Non-termination when generating lists of arbitrary length in CLP(FD) [duplicate]

Question

Why does the following exits with a ERROR: Out of global stack after return the expected answers?

?- L #>= 0, L #=< 3, length(X, L).

L = 0,
X = [] ;
L = 1,
X = [_G1784] ;
L = 2,
X = [_G1784, _G1787] ;
L = 3,
X = [_G1784, _G1787, _G1790] ;
ERROR: Out of global stack

---

Update: W.r.t. @Joan's answer, I'm trying to understand why it doesn't terminate, not necessarily finding a solution that would terminate. I mean, if the problem is unboundness then it shouldn't equally produce any answer until the labelling, right? So my question is more related to the mechanism of producing answers (and not terminating), than fixing the code.

Answer 1

The problem is that the length/2 predicate is steadfast. You can find some posts to understand about steadfastness in Stack Overflow, one good question by @mat is: Steadfastness: Definition and its relation to logical purity and termination. In simple words steadfastness is the property that a predicate evaluates it's parameters at the end.

In your example you may give the constraints:

L #>= 0, L #=< 3

but in length(X, L). L will be evaluated at the end.
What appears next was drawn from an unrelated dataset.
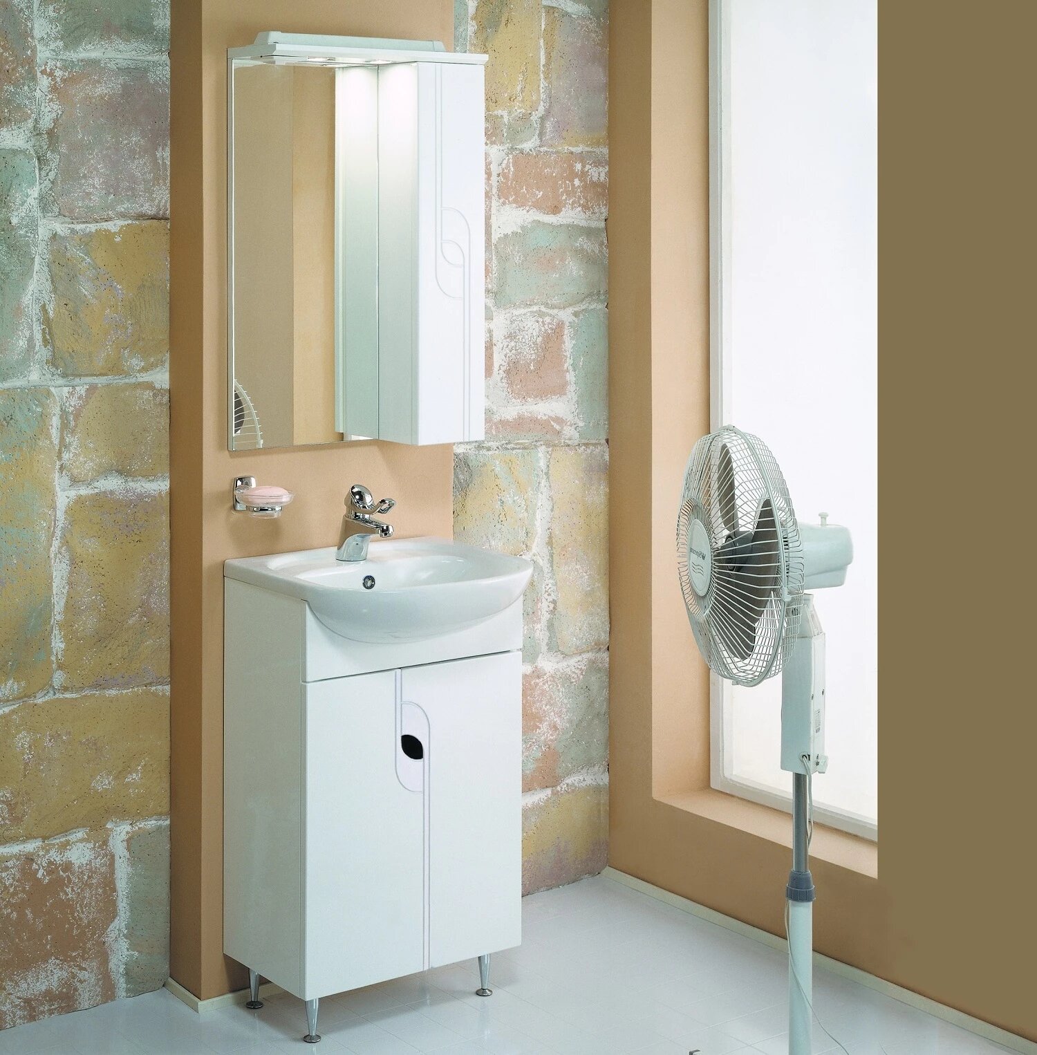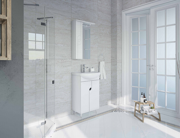 Тумба с раковиной для ванной Кристалл 50 белая.

So what happens is that length(X, L) has infinite choice points (it will examine every list X) and for every list X it will evaluate L and, if L meets the constraints then it will return you an answer and will go on to examine the next list which leads to infinite loop.

You can see in trace mode the following:

  Call: (8) length(_G427, _G438) ? creep
   Exit: (8) length([], 0) ? creep
   Call: (8) integer(0) ? creep
   Exit: (8) integer(0) ? creep
   Call: (8) 0>=0 ? creep
   Exit: (8) 0>=0 ? creep
   Call: (8) integer(0) ? creep
   Exit: (8) integer(0) ? creep
   Call: (8) 3>=0 ? creep
   Exit: (8) 3>=0 ? creep
X = [],
L = 0 ;
   Redo: (8) length(_G427, _G438) ? creep
   Exit: (8) length([_G1110], 1) ? creep
   Call: (8) integer(1) ? creep
   Exit: (8) integer(1) ? creep
   Call: (8) 1>=0 ? creep
   Exit: (8) 1>=0 ? creep
   Call: (8) integer(1) ? creep
   Exit: (8) integer(1) ? creep
   Call: (8) 3>=1 ? creep
   Exit: (8) 3>=1 ? creep
X = [_G1110],
L = 1 ;
   Redo: (8) length([_G1110|_G1111], _G438) ? creep
   Exit: (8) length([_G1110, _G1116], 2) ? creep
   Call: (8) integer(2) ? creep
   Exit: (8) integer(2) ? creep
   Call: (8) 2>=0 ? creep
   Exit: (8) 2>=0 ? creep
   Call: (8) integer(2) ? creep
   Exit: (8) integer(2) ? creep
   Call: (8) 3>=2 ? creep
   Exit: (8) 3>=2 ? creep
X = [_G1110, _G1116],
L = 2 ;
   Redo: (8) length([_G1110, _G1116|_G1117], _G438) ? creep
   Exit: (8) length([_G1110, _G1116, _G1122], 3) ? creep
   Call: (8) integer(3) ? creep
   Exit: (8) integer(3) ? creep
   Call: (8) 3>=0 ? creep
   Exit: (8) 3>=0 ? creep
   Call: (8) integer(3) ? creep
   Exit: (8) integer(3) ? creep
   Call: (8) 3>=3 ? creep
   Exit: (8) 3>=3 ? creep
X = [_G1110, _G1116, _G1122],
L = 3 ;
 Redo: (8) length([_G1110, _G1116, _G1122|_G1123], _G438) ? creep
   Exit: (8) length([_G1110, _G1116, _G1122, _G1128], 4) ? creep
   Call: (8) integer(4) ? creep
   Exit: (8) integer(4) ? creep
   Call: (8) 4>=0 ? creep
   Exit: (8) 4>=0 ? creep
   Call: (8) integer(4) ? creep
   Exit: (8) integer(4) ? creep
   Call: (8) 3>=4 ? creep
   Fail: (8) 3>=4 ? creep

As you can see for example in the first call length([_G1110|_G1111], _G438) it doesn't evaluates L from the beginning but it calculates it depending the first argument and then checks the constraints.

Answer 2

That's just because when length is run, it's still just an unbound variable. It's not until:

• The domain of the constraint is reduced to a single value
• The unbound variable is unified with an actual value
• You explicitly label the variables

That the variable will be bound to a single value.

You can fix your example by doing:

?- L #>= 0, L #=< 3, label([L]), length(X, L).

To see the first point you can see that:

?- L #>= 1, L #=< 1, length(X, L).

also works because the variable is constrained to a single value.